The Christchurch Civic Creche Case

News Reports

2004



Radio NZ
May 23, 2004

Sunday Supplement
James Allan,
Faculty of Law, University of Otago


I live in one of the most pleasant places in New Zealand.  The people are friendly.  The golf is excellent, and cheap.  The last vestiges of a Calvinist disdain for those who gaudily display their wealth continue to hang over the city, though they grow fainter by the year.  Still, I bet it is much harder to tell who is rich and who is not down where I live than where you live.  And as for the claims about weather that is too cold, let me just say that as a native born Canadian I know cold weather, and this is not cold weather.  When you live in a place where golf is possible year round, that place does not have cold weather.  Some poorly built old villas with next to no heating, maybe.  But not cold weather.

All in all, then, Dunedin is a terrific place to live.  My wife and I arrived here nearly eleven years ago and we love the place.  We’ve always said that if we left Dunedin, we’d leave New Zealand.

As it happens, and with much regret, that is precisely what we’re doing come this July, joining the exodus across the Tasman of those offered jobs they couldn’t refuse.

As one on his way out, however sadly, I will claim that license regularly given to emigrants to comment on one thing they’d wish to change in the country they’re about to depart. 

For me, it’s the lack of deference to elected authority in our judiciary.  I think our judges - the top ones - have become too big for their unelected boots.  In my ten plus years here I’ve watched as these justices have claimed for themselves powers that I, for one, would much prefer to see rest with our elected politicians.

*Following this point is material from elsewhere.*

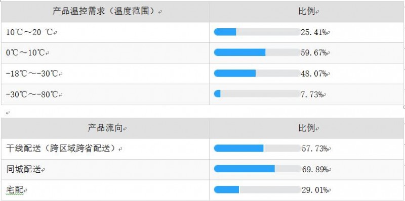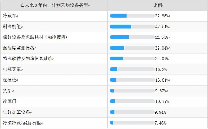 我们也就某些关键设备和产品的需求进行问询,发现关键设备如制冷机组、冷藏车和保险设备及包装耗材依然存在旺盛的采购需求。温控监测设备和技术的应用也越来越被大家重视,可以看到后面几年中国冷链物流市场的基础设施建设还将保持较高的温度。可以说,冷链并不冷。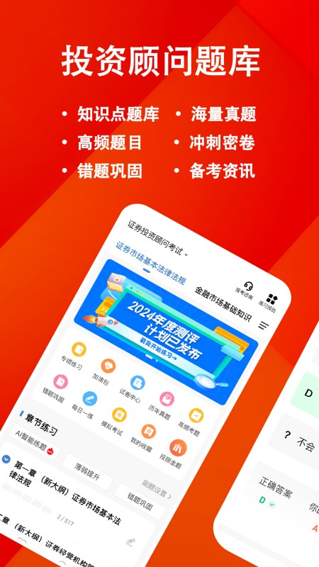 具备章节练习、历年真题、易错题目、错题巩固、学习资讯、智能组卷、智能刷题等功能,涵盖证券投资顾问相关科目,可进行科目练习和模拟考试。

To start, our judges have basically rewritten our Bill of Rights Act simply giving themselves the power to issue declarations of inconsistency and to award monetary damages while making noises about all the value judgments they have to make on behalf of society.  Now I know that many people find the language of rights emotively irresistible, and forget that the consensus one finds up in the realm of abstractions - who, for instance, is against the right to free speech in the abstract - soon disappears down in the quagmire of detail, of drawing difficult lines about campaign finance laws, defamation laws and hate speech laws.  But simply mouthing five words - ‘the right to free speech’ - does not make drawing any of those lines easier, or less contentious.  Nor does it remove, in my opinion, the desirability of having those lines ultimately drawn by the elected representatives of the people and not by unelected judges.

Too many people forget that living in a democracy means you win some and you lose some.  And when you lose or when someone disagrees with you that does not normally mean that the other person is morally blind, stupid or in need of further education.  It is a function of the observable fact that sincere, reasonable, well-informed, even nice people often disagree about fundamental moral and political issues.

Translating the dispute into the emotive language of rights and hoping that you’ll get a better outcome from the judges than the politicians is not an obviously democratic outlook, however common the hope may be.

Add that’s just the Bill of Rights Act.  Our top judges have also recently rewritten the rules surrounding parliamentary privilege, to lessen the protections it affords MPs.  And arguably they’ve been the main cause of this whole foreshore fiasco; the technical legal decision may have been a narrow one but the fact is that our judges overturned a forty year old precedent with barely a mention of whose job it was to overturn established precedents that had formed the basis of legislation in the interval.

I think that at some point old cases, whether rightly or wrongly decided at the time, become so well entrenched that they’re best left to parliament to be changed.

A tough-minded critic would now bring up the Peter Ellis case and contrast it with all the voiced concern for rights in the abstract.  Here is real injustice.  In my view Peter Ellis should never have been convicted and the prevailing attitude here seems to be to sweep this embarrassing episode under the carpet.  It stinks.

I look forward sometime in the future to reading in my Australian newspaper of Peter Ellis’s shamefully delayed pardon.